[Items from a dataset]

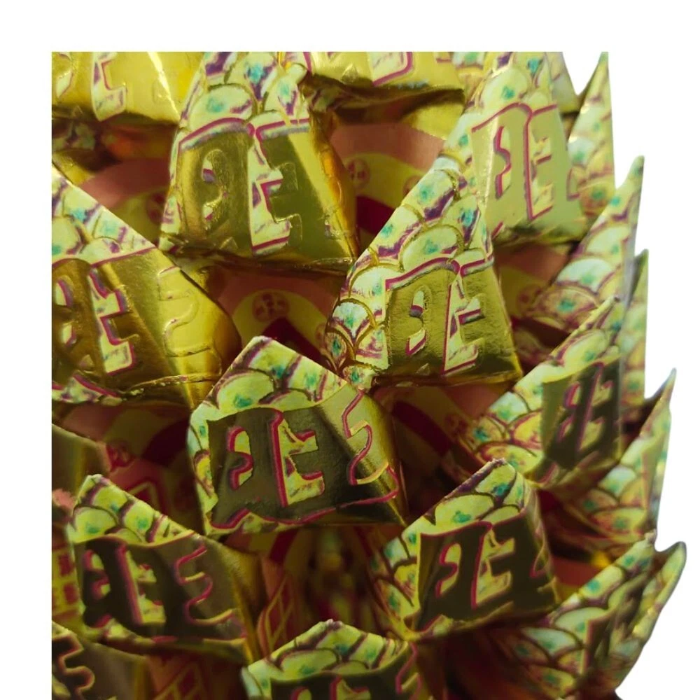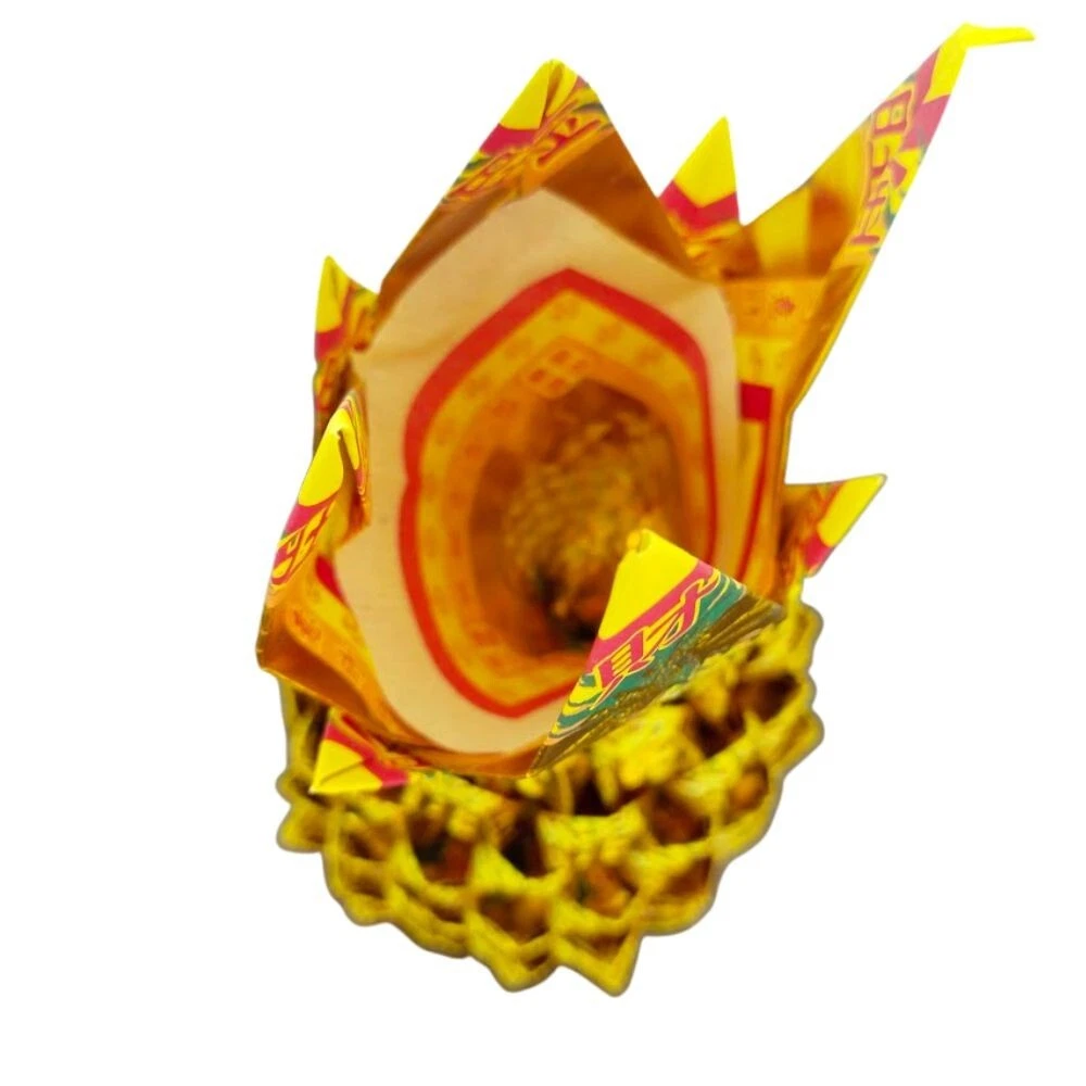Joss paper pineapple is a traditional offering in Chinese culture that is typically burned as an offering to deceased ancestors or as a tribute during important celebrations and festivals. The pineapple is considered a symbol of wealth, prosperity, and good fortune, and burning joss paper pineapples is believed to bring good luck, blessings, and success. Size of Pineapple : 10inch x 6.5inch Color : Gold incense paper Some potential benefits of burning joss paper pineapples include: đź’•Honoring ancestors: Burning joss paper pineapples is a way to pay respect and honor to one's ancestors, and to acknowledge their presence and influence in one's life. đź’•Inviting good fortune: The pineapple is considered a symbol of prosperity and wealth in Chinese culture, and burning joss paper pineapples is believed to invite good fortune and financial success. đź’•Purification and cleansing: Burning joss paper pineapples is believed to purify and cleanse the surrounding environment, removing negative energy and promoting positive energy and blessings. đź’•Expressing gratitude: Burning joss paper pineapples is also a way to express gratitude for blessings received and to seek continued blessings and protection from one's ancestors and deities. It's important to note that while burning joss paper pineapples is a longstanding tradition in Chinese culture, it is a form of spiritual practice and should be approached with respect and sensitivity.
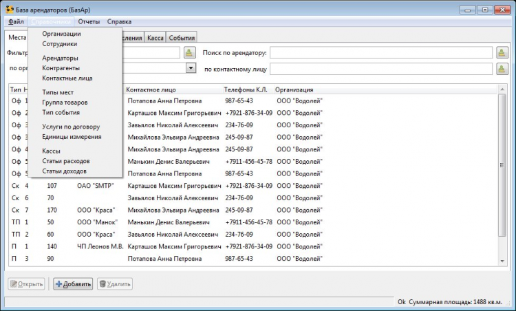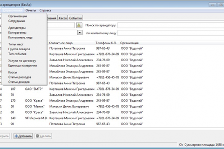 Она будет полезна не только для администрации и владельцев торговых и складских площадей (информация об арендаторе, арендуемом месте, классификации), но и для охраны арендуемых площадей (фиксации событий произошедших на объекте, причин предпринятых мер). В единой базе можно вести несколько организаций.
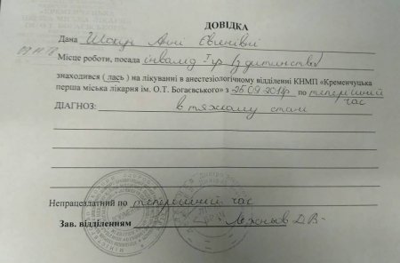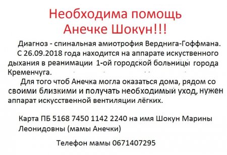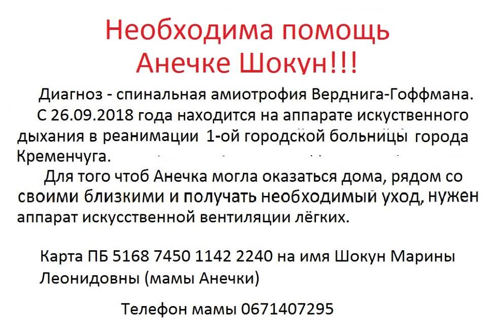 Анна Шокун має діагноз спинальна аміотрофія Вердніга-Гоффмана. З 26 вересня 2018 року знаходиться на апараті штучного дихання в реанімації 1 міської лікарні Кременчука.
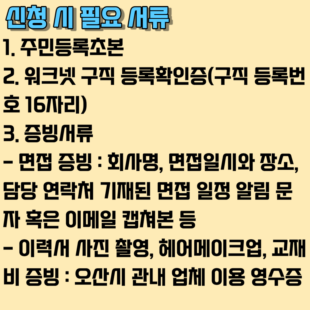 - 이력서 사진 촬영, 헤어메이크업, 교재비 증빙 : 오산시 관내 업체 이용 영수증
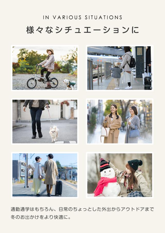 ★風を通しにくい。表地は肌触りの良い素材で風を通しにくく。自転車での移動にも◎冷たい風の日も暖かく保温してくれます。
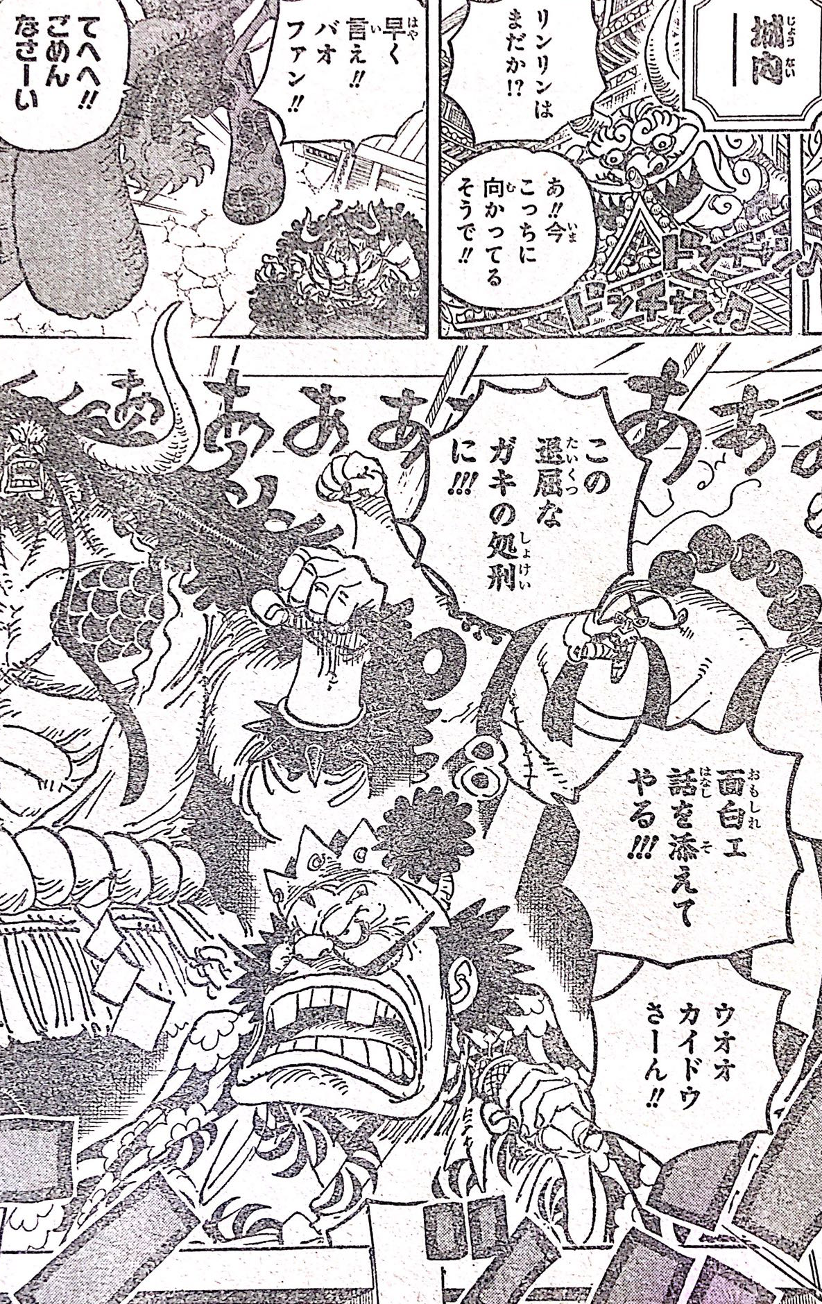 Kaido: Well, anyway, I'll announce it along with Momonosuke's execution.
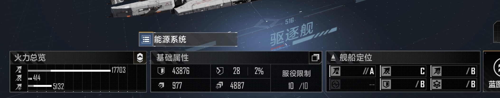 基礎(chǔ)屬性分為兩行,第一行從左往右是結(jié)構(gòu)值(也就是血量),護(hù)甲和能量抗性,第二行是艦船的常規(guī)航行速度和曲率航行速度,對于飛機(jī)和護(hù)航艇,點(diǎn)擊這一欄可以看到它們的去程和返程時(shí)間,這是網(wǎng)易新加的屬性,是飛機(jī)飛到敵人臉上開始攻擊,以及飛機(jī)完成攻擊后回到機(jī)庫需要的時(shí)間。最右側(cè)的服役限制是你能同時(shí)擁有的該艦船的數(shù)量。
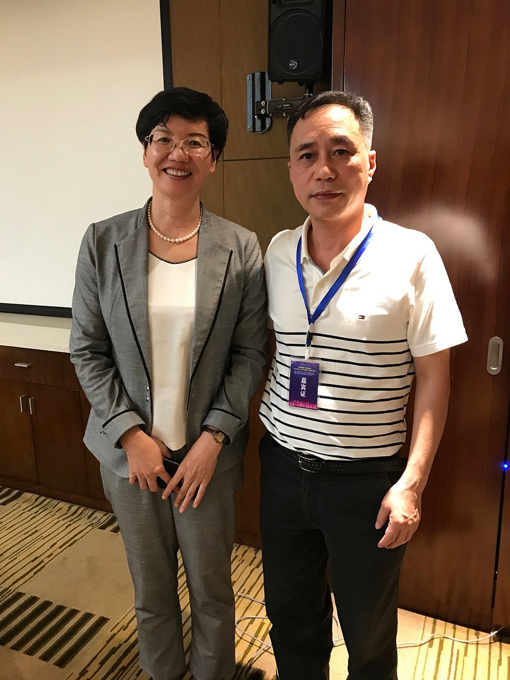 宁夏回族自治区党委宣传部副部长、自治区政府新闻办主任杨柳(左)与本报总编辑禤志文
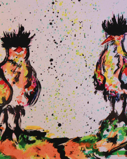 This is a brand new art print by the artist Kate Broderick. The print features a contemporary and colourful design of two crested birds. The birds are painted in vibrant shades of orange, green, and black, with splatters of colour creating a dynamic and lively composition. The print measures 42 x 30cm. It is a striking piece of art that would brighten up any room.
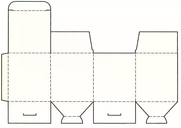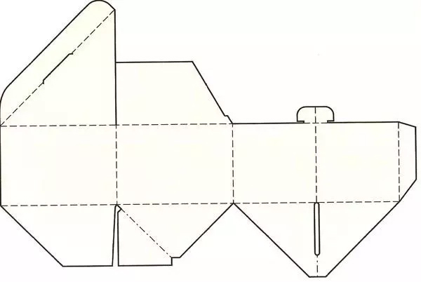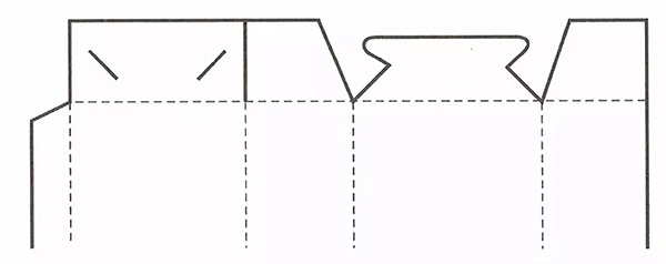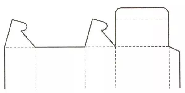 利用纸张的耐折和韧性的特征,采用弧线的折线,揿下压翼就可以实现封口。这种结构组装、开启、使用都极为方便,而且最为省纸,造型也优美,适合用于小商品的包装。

## What to do:
Where the line containing "宁夏回族自治区党委宣传部副部" appears, begin writing out the lines word for word, and continue through the last line of the data, leaving out pictures.

## Task answer:
 宁夏回族自治区党委宣传部副部长、自治区政府新闻办主任杨柳(左)与本报总编辑禤志文
 This is a brand new art print by the artist Kate Broderick. The print features a contemporary and colourful design of two crested birds. The birds are painted in vibrant shades of orange, green, and black, with splatters of colour creating a dynamic and lively composition. The print measures 42 x 30cm. It is a striking piece of art that would brighten up any room.
 利用纸张的耐折和韧性的特征,采用弧线的折线,揿下压翼就可以实现封口。这种结构组装、开启、使用都极为方便,而且最为省纸,造型也优美,适合用于小商品的包装。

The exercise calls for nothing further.